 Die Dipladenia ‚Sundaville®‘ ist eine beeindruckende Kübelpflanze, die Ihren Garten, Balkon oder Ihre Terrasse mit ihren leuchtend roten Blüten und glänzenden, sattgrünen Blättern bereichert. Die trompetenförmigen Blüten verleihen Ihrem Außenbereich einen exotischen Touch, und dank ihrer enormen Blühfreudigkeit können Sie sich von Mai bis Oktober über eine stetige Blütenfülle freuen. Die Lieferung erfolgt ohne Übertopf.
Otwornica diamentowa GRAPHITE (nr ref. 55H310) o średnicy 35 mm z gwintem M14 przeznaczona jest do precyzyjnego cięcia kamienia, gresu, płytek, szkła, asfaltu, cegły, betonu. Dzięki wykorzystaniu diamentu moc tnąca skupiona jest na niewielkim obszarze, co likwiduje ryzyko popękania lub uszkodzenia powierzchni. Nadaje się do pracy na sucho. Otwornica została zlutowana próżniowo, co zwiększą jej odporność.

---

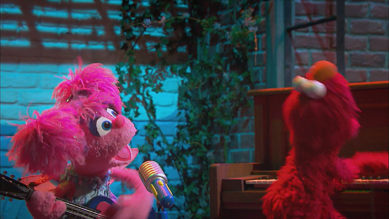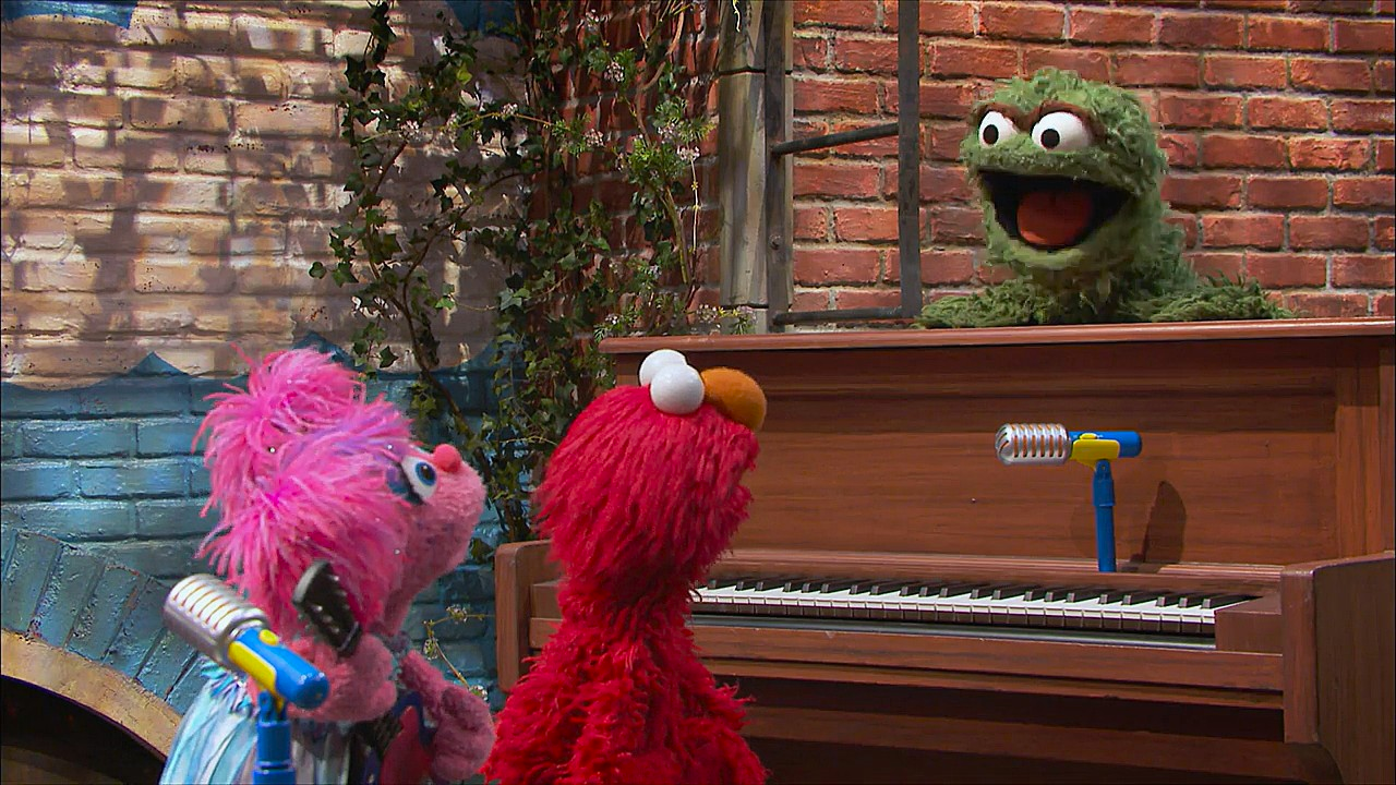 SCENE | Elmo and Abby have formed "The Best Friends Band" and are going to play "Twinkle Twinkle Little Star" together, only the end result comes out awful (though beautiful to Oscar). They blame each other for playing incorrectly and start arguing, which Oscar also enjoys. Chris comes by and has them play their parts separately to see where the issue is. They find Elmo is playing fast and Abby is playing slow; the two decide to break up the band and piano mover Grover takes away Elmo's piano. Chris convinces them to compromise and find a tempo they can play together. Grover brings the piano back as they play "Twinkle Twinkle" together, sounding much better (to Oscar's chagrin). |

→ **Work to complete**:
From the records above, give again exactly the lines running from the line with "Die Dipladenia ‚Sundaville®‘" to the line with "Otwornica diamentowa GRAPHITE", inclusive.

→ **Result**:
 Die Dipladenia ‚Sundaville®‘ ist eine beeindruckende Kübelpflanze, die Ihren Garten, Balkon oder Ihre Terrasse mit ihren leuchtend roten Blüten und glänzenden, sattgrünen Blättern bereichert. Die trompetenförmigen Blüten verleihen Ihrem Außenbereich einen exotischen Touch, und dank ihrer enormen Blühfreudigkeit können Sie sich von Mai bis Oktober über eine stetige Blütenfülle freuen. Die Lieferung erfolgt ohne Übertopf.
Otwornica diamentowa GRAPHITE (nr ref. 55H310) o średnicy 35 mm z gwintem M14 przeznaczona jest do precyzyjnego cięcia kamienia, gresu, płytek, szkła, asfaltu, cegły, betonu. Dzięki wykorzystaniu diamentu moc tnąca skupiona jest na niewielkim obszarze, co likwiduje ryzyko popękania lub uszkodzenia powierzchni. Nadaje się do pracy na sucho. Otwornica została zlutowana próżniowo, co zwiększą jej odporność.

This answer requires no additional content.